Records shown:
● ● ● ● ●

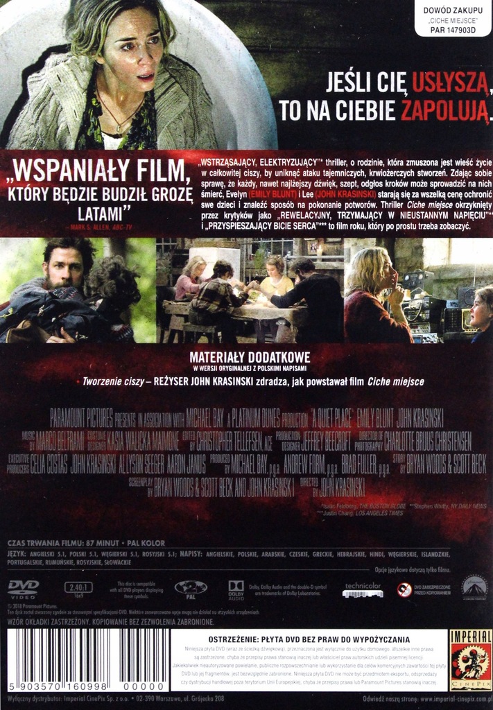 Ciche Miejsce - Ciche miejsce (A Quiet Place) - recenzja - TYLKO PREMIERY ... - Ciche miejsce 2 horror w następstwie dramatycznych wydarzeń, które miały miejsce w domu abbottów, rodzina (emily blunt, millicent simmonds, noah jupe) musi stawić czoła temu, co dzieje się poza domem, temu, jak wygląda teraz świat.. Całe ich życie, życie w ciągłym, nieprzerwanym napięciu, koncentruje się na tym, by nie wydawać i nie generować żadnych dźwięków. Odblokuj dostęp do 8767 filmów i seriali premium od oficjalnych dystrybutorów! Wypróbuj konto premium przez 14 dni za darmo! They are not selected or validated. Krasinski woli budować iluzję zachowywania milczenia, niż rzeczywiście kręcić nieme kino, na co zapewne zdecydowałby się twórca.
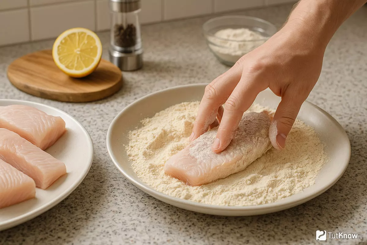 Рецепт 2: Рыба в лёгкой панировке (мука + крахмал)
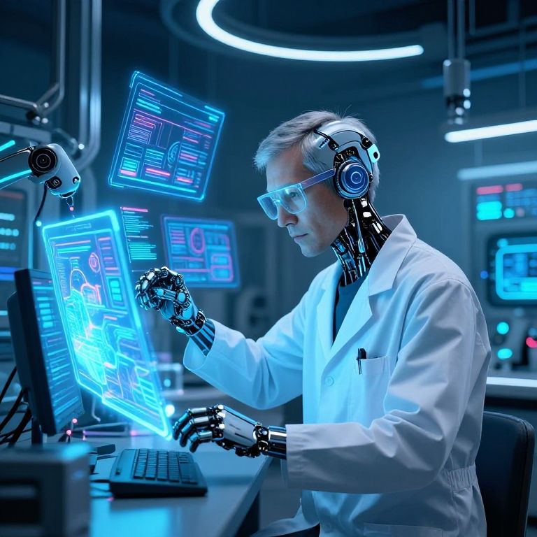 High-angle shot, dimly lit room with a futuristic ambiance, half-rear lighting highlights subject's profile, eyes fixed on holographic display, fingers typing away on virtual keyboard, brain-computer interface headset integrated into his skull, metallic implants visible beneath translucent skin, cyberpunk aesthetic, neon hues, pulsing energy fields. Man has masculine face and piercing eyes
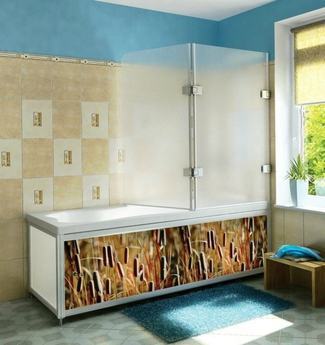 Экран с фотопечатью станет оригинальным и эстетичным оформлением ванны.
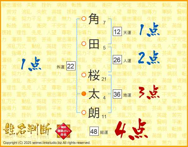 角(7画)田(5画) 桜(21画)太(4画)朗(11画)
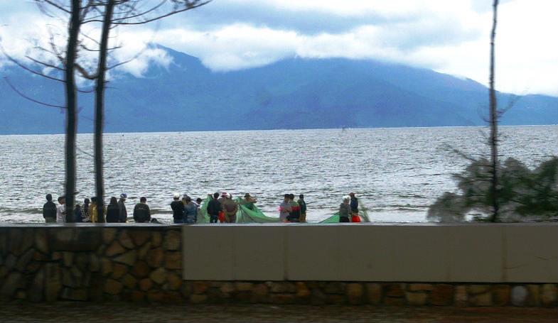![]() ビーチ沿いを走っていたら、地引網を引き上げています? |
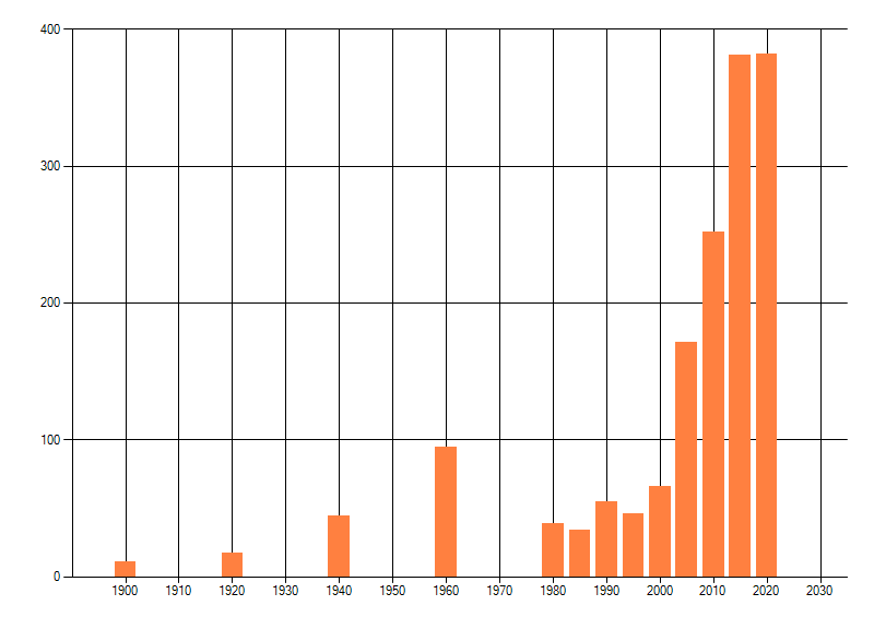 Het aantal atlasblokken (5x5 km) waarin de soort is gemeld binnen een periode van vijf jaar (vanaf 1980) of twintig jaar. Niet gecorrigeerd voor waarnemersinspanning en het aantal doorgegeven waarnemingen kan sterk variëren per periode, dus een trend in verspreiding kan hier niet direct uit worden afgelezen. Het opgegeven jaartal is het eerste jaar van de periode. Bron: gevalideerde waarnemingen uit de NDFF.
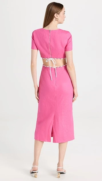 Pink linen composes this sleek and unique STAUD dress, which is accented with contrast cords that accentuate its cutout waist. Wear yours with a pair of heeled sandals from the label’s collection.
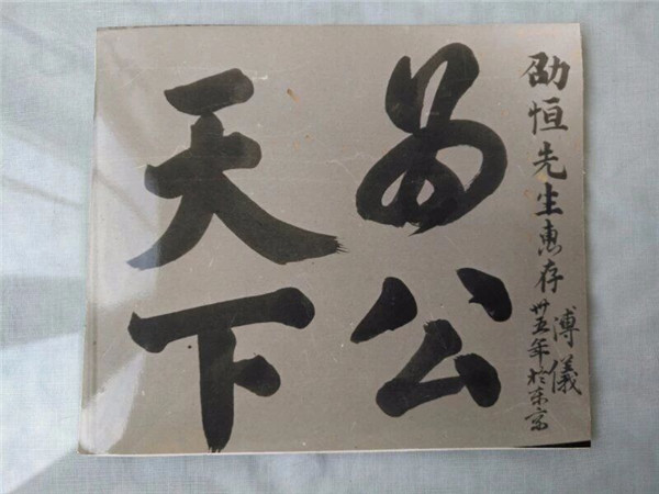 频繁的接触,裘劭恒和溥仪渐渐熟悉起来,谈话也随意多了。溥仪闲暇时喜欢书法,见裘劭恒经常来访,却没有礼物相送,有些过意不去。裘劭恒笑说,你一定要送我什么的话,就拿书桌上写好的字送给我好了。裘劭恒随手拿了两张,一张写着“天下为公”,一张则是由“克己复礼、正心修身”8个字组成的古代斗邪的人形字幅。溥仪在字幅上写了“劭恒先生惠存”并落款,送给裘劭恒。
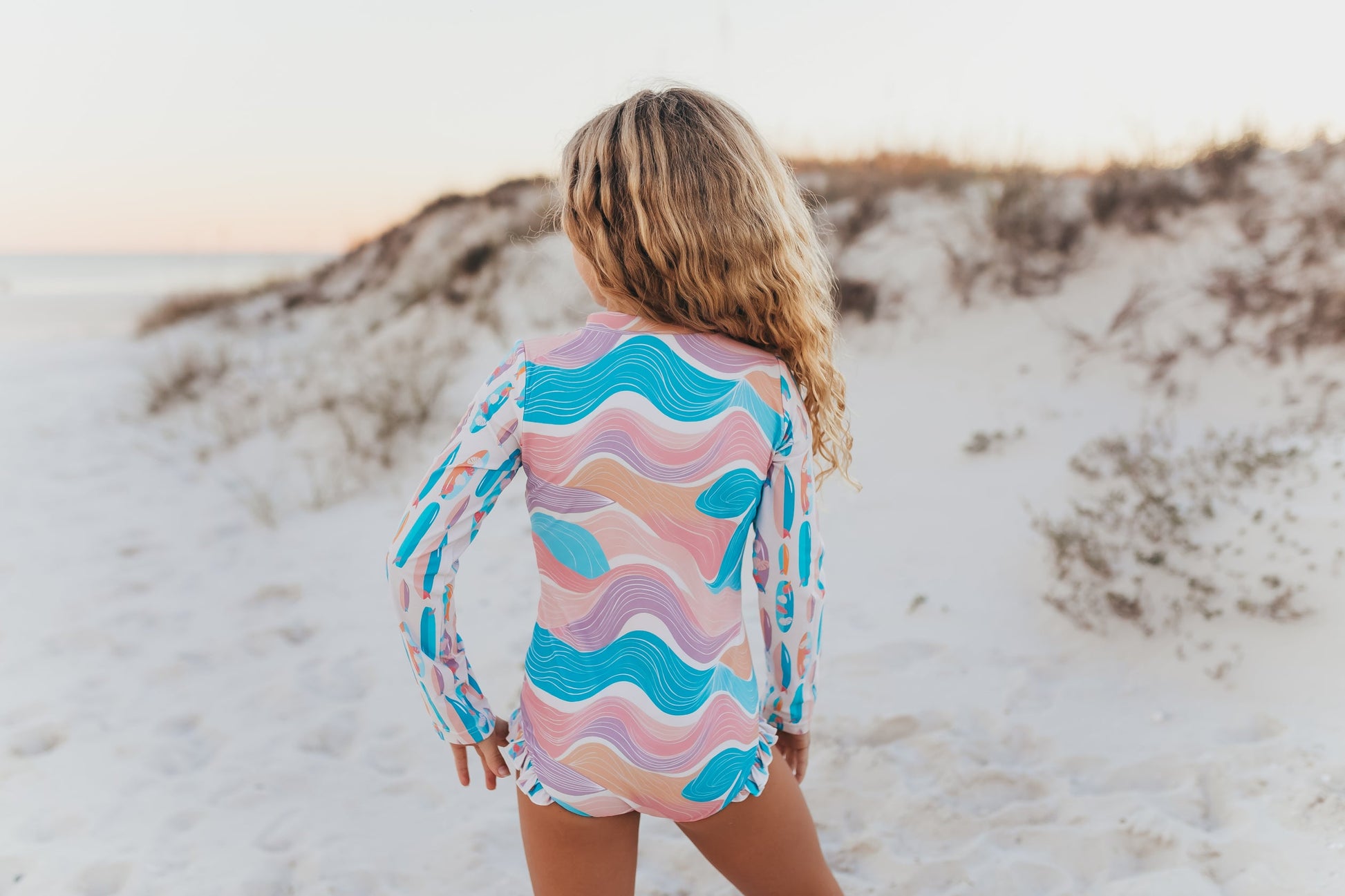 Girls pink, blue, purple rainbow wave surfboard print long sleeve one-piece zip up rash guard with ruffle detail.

● ● ● ● ●

Instructions to follow:
Output the span from the line with "频繁的接触,裘劭恒和溥仪渐渐" through the last line of the data, inclusive and exact, and omit every picture.

Output for this exercise:
 频繁的接触,裘劭恒和溥仪渐渐熟悉起来,谈话也随意多了。溥仪闲暇时喜欢书法,见裘劭恒经常来访,却没有礼物相送,有些过意不去。裘劭恒笑说,你一定要送我什么的话,就拿书桌上写好的字送给我好了。裘劭恒随手拿了两张,一张写着“天下为公”,一张则是由“克己复礼、正心修身”8个字组成的古代斗邪的人形字幅。溥仪在字幅上写了“劭恒先生惠存”并落款,送给裘劭恒。
 Girls pink, blue, purple rainbow wave surfboard print long sleeve one-piece zip up rash guard with ruffle detail.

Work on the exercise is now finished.